**About this task**
From the line that holds "NADAN's engine room" to the end of the records, reproduce every line exactly. No pictures.

**Extracted material**
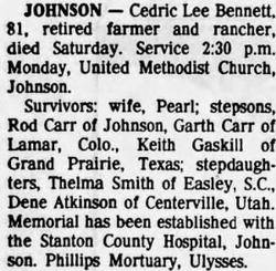Born Dec 13, 1901, Cedric Lee Bennett attended Stanton County High School in Johnson, KS. View the obituary, post a memory, or share a photo about Cedric Lee Bennett.
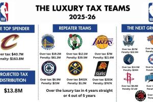 體育資訊02月01日訊 ESPN知名薪資專家Bobby Marks更新動態,曬出一張2025-26賽季NBA球隊奢侈稅情況。
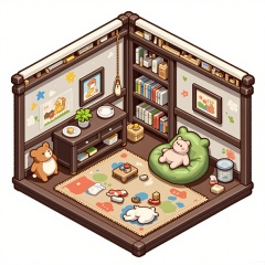 XXDJ, A detailed, stylized digital drawing of a cozy children's game room corner, featuring a low table with a colorful playmat, a set of wooden blocks and toys, and a beanbag chair shaped like a friendly animal. The background includes a wall decorated with cartoon characters and a bookshelf filled with children's books. The overall aesthetic is playful and inviting.
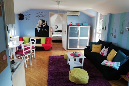 U spavaćoj sobi se nalazi veliki i udoban bračni krevet za dve osobe, a u dnevnoj se nalaze trosed na razvlačenje za dve osobe i dvosed za jednu osobu. U sklopu dnevne sobe nalazi se i kuhinja i trpezarija. Kupatilo je opremljeno tuš kabinom.
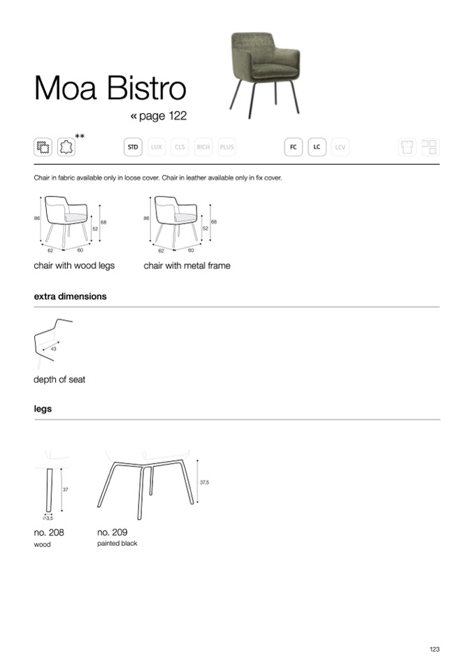 Chair in fabric available only in loose cover. Chair in leather available only in fix cover.
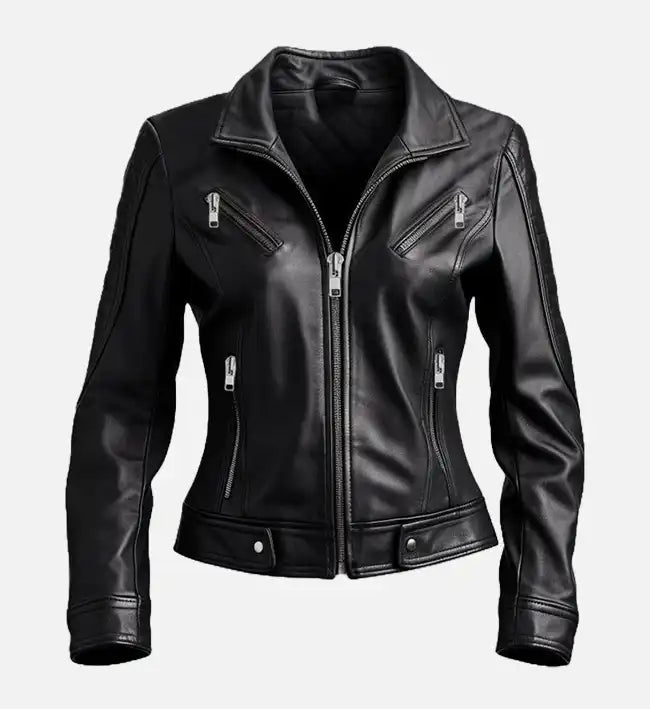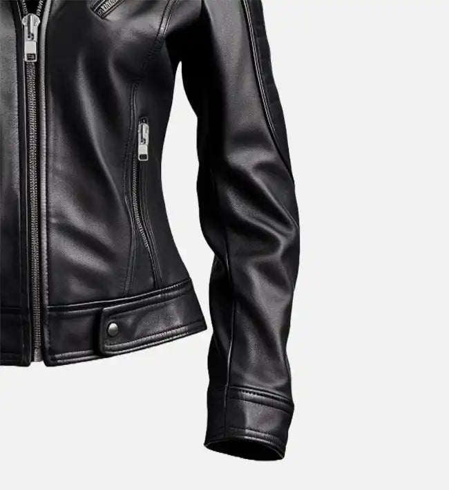 Designed for confidence and bold street style, this women’s biker leather jacket is crafted from 100% genuine sheepskin leather, offering a soft texture with long-lasting durability. The sleek black finish, fitted silhouette, and quilted padded sleeves create a striking yet timeless look, perfect for elevating everyday outfits.
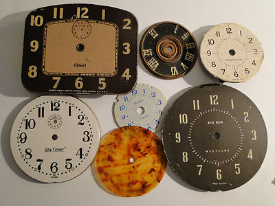 Title (ebay affiliate link): Vintage Antique Clock Faces Dials lot of 7 Gilbert Westclox Big Ben Slava etc
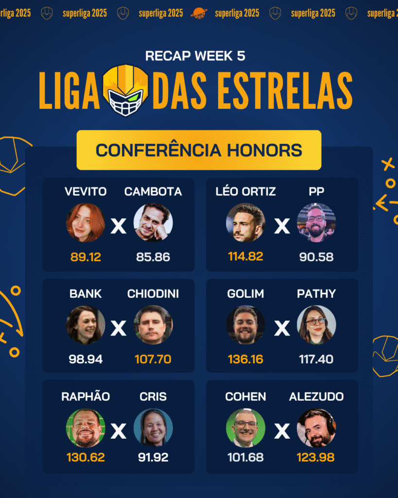 Na Liga de Elite, o Marcos derrotou o Big Ben’s no primeiro duelo de invictos da temporada, igualando o recorde do Pato Morto de 5-0. Além disso, Dr.Jhon e Rangones venceram seus primeiros jogos no ano e buscam se recuperar na liga que vale o anel de campeão brasileiro de fantasy 2025!
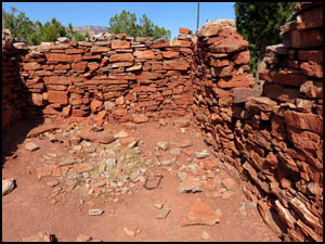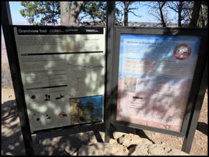 About half-way to the top is a saddle area where I take a break. Richard is already here waiting in the shade. As slow as I am uphill, he probably has been here a long time. There are very nice views to the east from here. A few years ago several of the upper sections of the trail sustained a lot of damage and collapsed after heavy rains. The Park Service went to great lengths during their restoration process to maintain an "all natural" look. Hence, their repairs were made entirely using cedar and juniper trees.
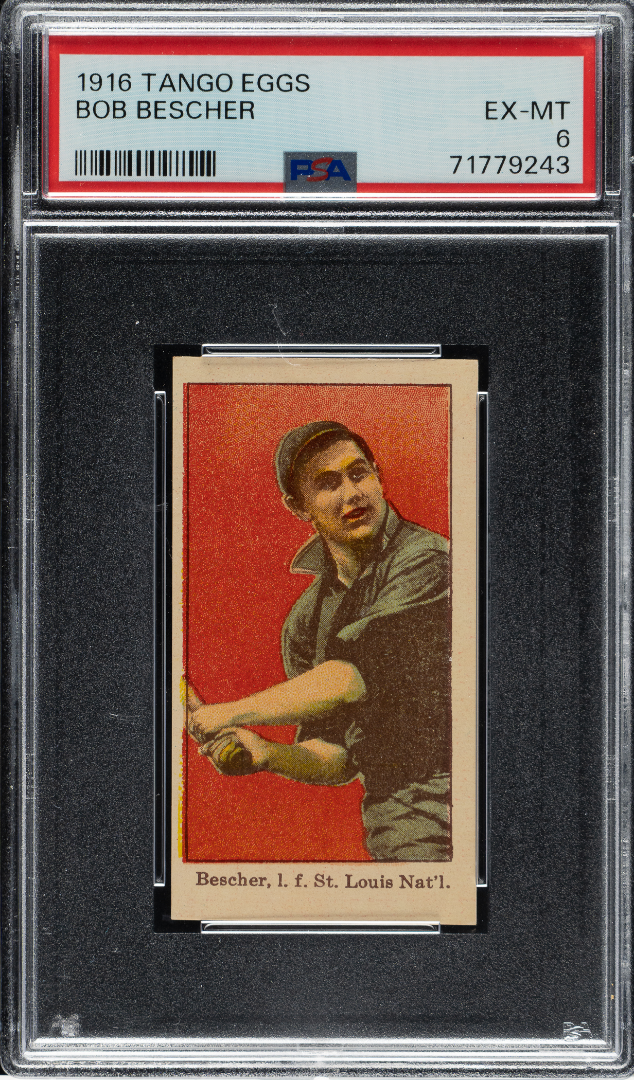 Lot # 1287: 1916 Tango Brand Eggs Bob Bescher PSA EX-MT 6
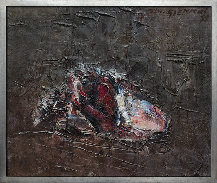 Jacek Sienicki (Warszawa 29 II 1928 - Warszawa 14 XII 2000) studiował na Wydziale Malarstwa ASP w Warszawie, gdzie w 1954 uzyskał dyplom w pracowni prof. Artura Nachta-Samborskiego. W 1955 był uczestnikiem Wystawy Młodej Plastyki w warszawskim Arsenale. Udział w tej manifestacji był nie tylko właściwym debiutem artysty, ale też na lata określił jego postawę, dzieloną z innymi „arsenałowcami“, której zasady to: prymat etyki, sceptycyzm wobec przemijających mód artystycznych, wierność sobie. W 1955 Sienicki podjął pracę pedagogiczną w macierzystej uczelni. Przeszedł wszystkie szczeble akademickie, otrzymując tytuł profesora w 1981. Był laureatem liczących się nagród, m.in. Nagrody Krytyki im. Cypriana Kamila Norwida w 1974, Nagrody im. Jana Cybisa (niezależnej) w 1984, nagrody Fundacji im. Alfreda Jurzykowskiego w 1993. Jego malarstwo od wczesnych lat oscylowało między figuratywizmem o często dramatycznej wymowie egzystencjalnej i skłonnością do abstrakcji. Przy tym malarz nie opuszczał dość ograniczonego zestawu ulubionych motywów, do których należały: czaszki końskie, wydłużone postaci, ciemne wnętrza, które rozgrywał w podobnej, ciemno-zimnej gamie barwnej. Równolegle do malarstwa wiele rysował, zazwyczaj węglem, traktując prace w tej technice jako autonomiczne dzieła.
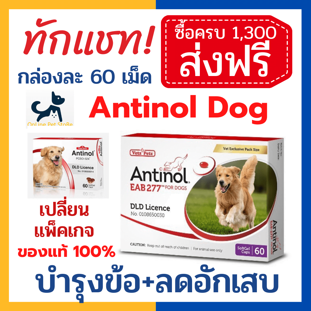 F544 [1 กล่อง] หมดอายุ 2/25 +บำรุง ข้อ+ Antinol สุนัข 60 เม็ด อาหารเสริมบำรุง ข้อ สกัดจากหอยแมลงภู่นิวซีแลนด์
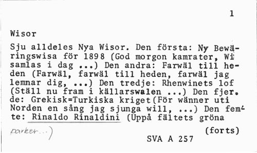 //// 1 //// Wisor //// Sju alldeles Nya Wisor. Den första: Ny Bewä-ringswisa för 189 8 (God morgon kamrater, Wi samlas i dag ,..) Den andra: Farwäl till heden (Farwäl, farwäl till heden, farwäl jag lemnar dig, ..,) Den tredje: Rhenwinets lof (Ställ nu fram i källarswalen ...) Den fjer, de: Grekisk<Turkiska kriget (För wänner uti Norden en sång jag sjunga will, ...) Den fem* te: Rinaldo Rinaldini (Uppå fältets gröna //// FcurklUr-..-') (forts) //// SVA A 25 7 ////
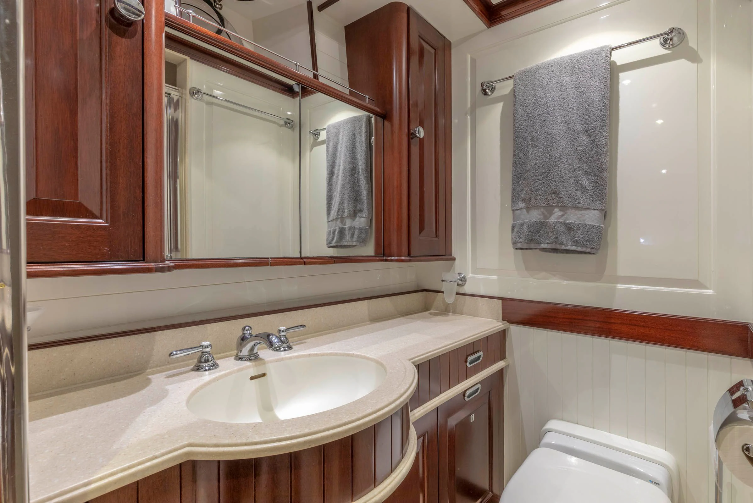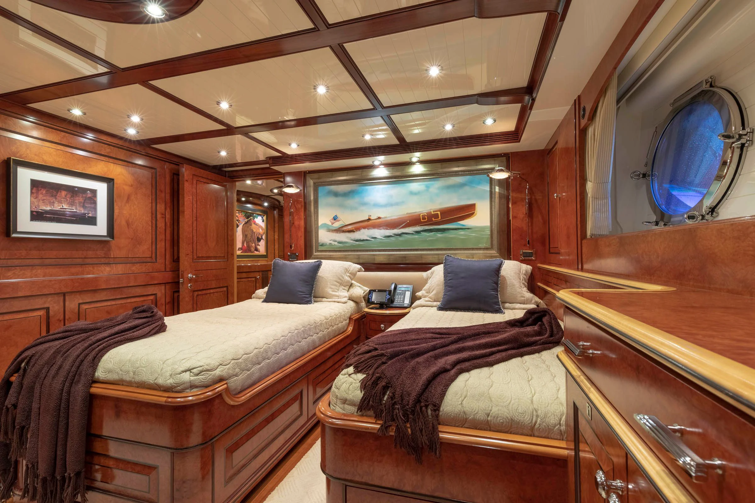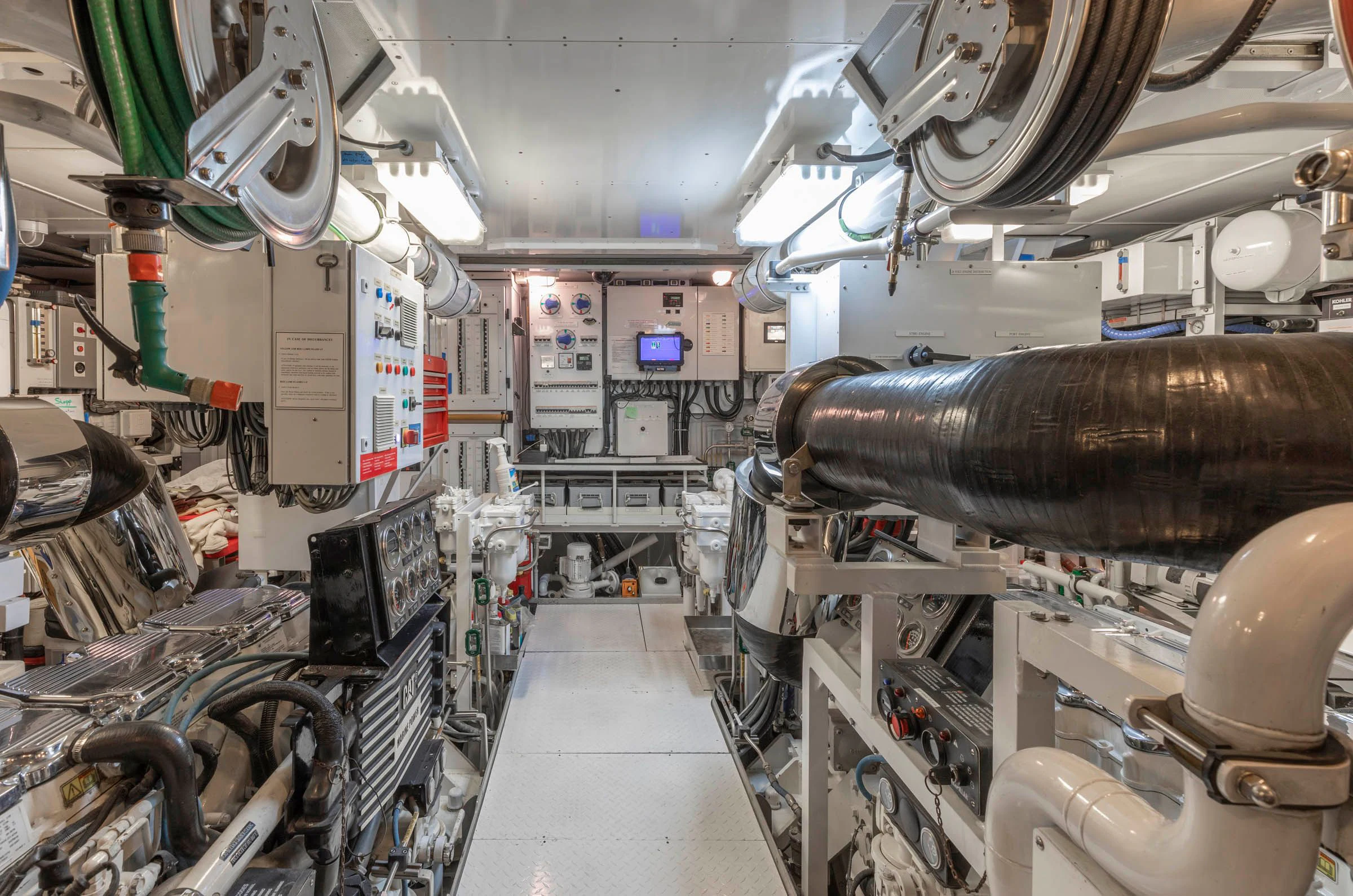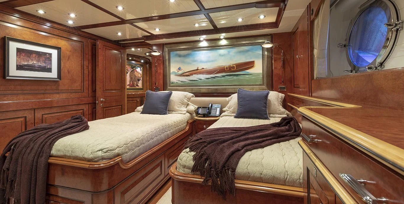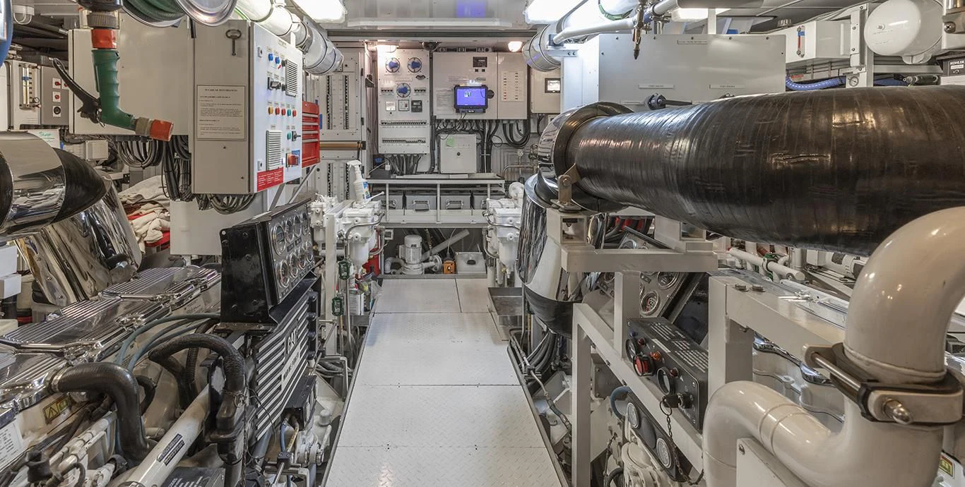 NADAN's engine room houses two Caterpillar C18 engines each delivering power output of 601 hp / 448 kW; ensuring reliable performance during voyages long or short. This yacht also boasts Jastram hydraulic power steering system offering precise navigation control at all times.
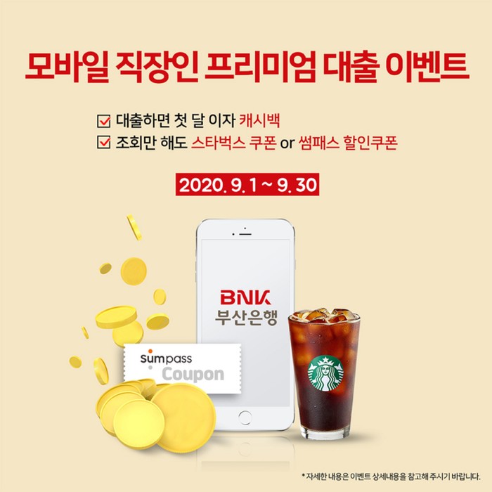 ‘직장인 프리미엄대출’ 한도 조회를 한 고객에게는 스타벅스 커피 기프티콘 또는 부산은행 모바일 간편결제 서비스인 ‘썸패스’ 할인 쿠폰(5000원권)을 증정한다. 이벤트는 선착순으로 진행되며 총 3000명에게 혜택을 제공할 예정이다.
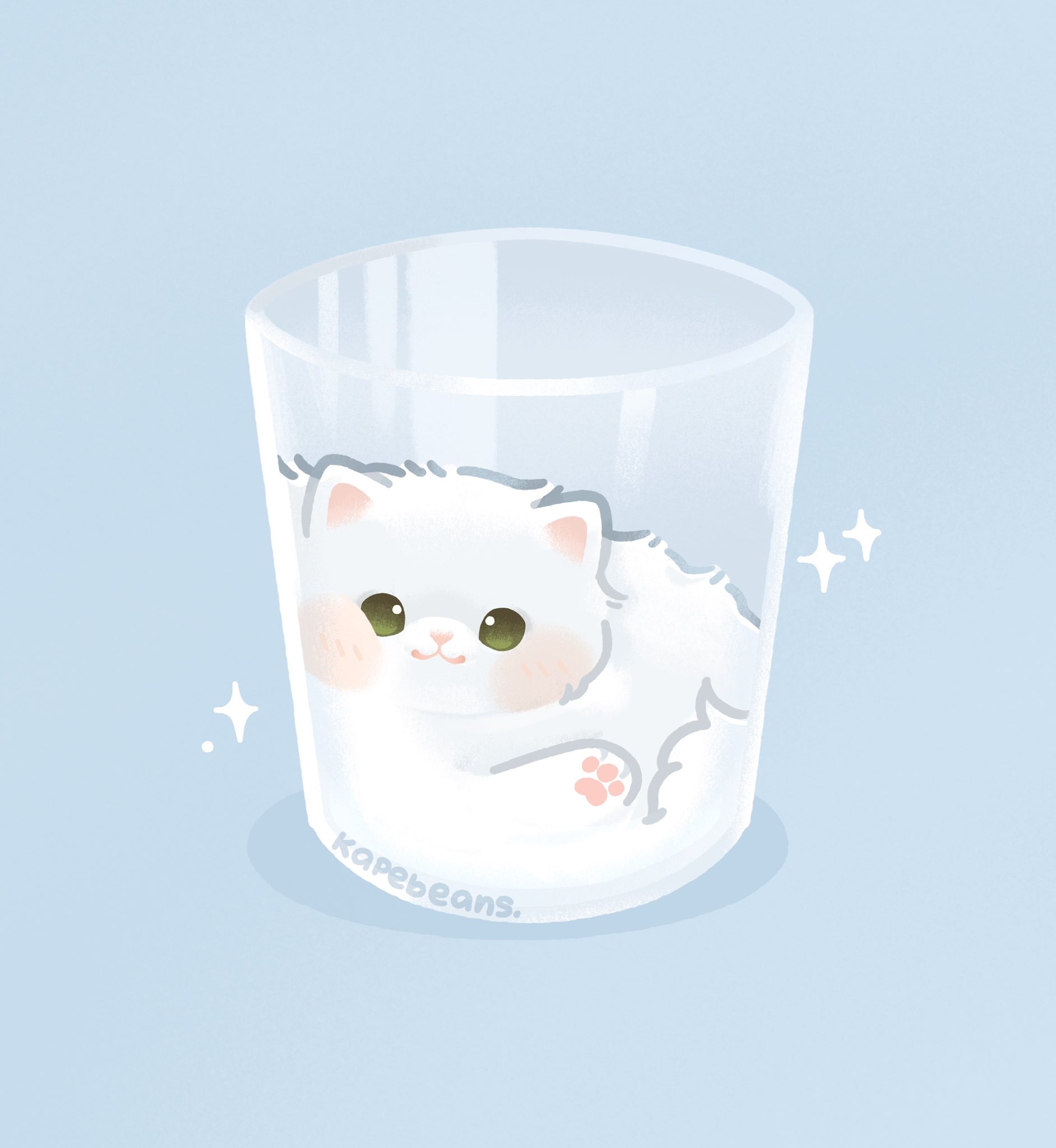 :3 animal animal_focus artist_name baby_animal blue_background cat closed_mouth commentary_request cup glass green_eyes highres kapebeansies kitten looking_at_viewer no_humans original shadow simple_background sparkle squishing
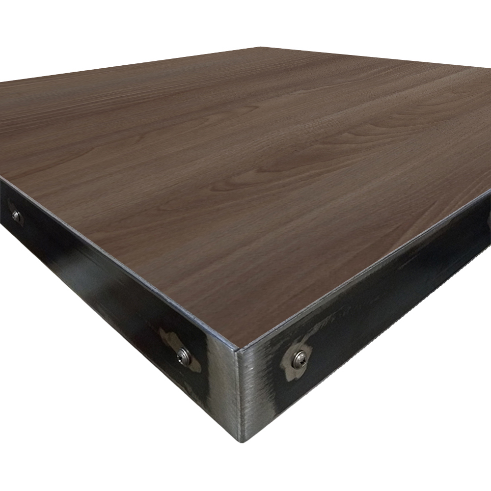 • 1-1/8″ thick, 45 lb. industrial-grade particle board core with 2″ hot-rolled, 11 gauge steel edge with exposed fasteners
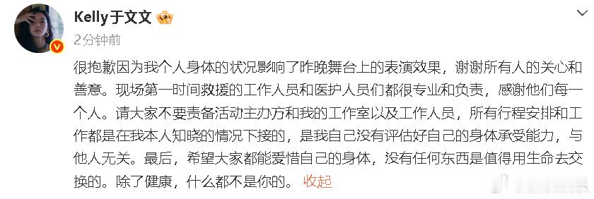 【于文文希望大家都能爱惜身体】于文文称未评估好身体承受能力2月2日,发文回应在演唱会晕倒,她感谢大家的关心,称工作人员和医护人员都很专业,希望大家不要责备活动主办方和工作人员:“是我自己没有评估好自己的身体承受能力,与他人无关。”她希望大家都能爱惜身体:“除了健康,什么都不是你的。”

**Answer box**
 NADAN's engine room houses two Caterpillar C18 engines each delivering power output of 601 hp / 448 kW; ensuring reliable performance during voyages long or short. This yacht also boasts Jastram hydraulic power steering system offering precise navigation control at all times.
 ‘직장인 프리미엄대출’ 한도 조회를 한 고객에게는 스타벅스 커피 기프티콘 또는 부산은행 모바일 간편결제 서비스인 ‘썸패스’ 할인 쿠폰(5000원권)을 증정한다. 이벤트는 선착순으로 진행되며 총 3000명에게 혜택을 제공할 예정이다.
 :3 animal animal_focus artist_name baby_animal blue_background cat closed_mouth commentary_request cup glass green_eyes highres kapebeansies kitten looking_at_viewer no_humans original shadow simple_background sparkle squishing
 • 1-1/8″ thick, 45 lb. industrial-grade particle board core with 2″ hot-rolled, 11 gauge steel edge with exposed fasteners
 【于文文希望大家都能爱惜身体】于文文称未评估好身体承受能力2月2日,发文回应在演唱会晕倒,她感谢大家的关心,称工作人员和医护人员都很专业,希望大家不要责备活动主办方和工作人员:“是我自己没有评估好自己的身体承受能力,与他人无关。”她希望大家都能爱惜身体:“除了健康,什么都不是你的。”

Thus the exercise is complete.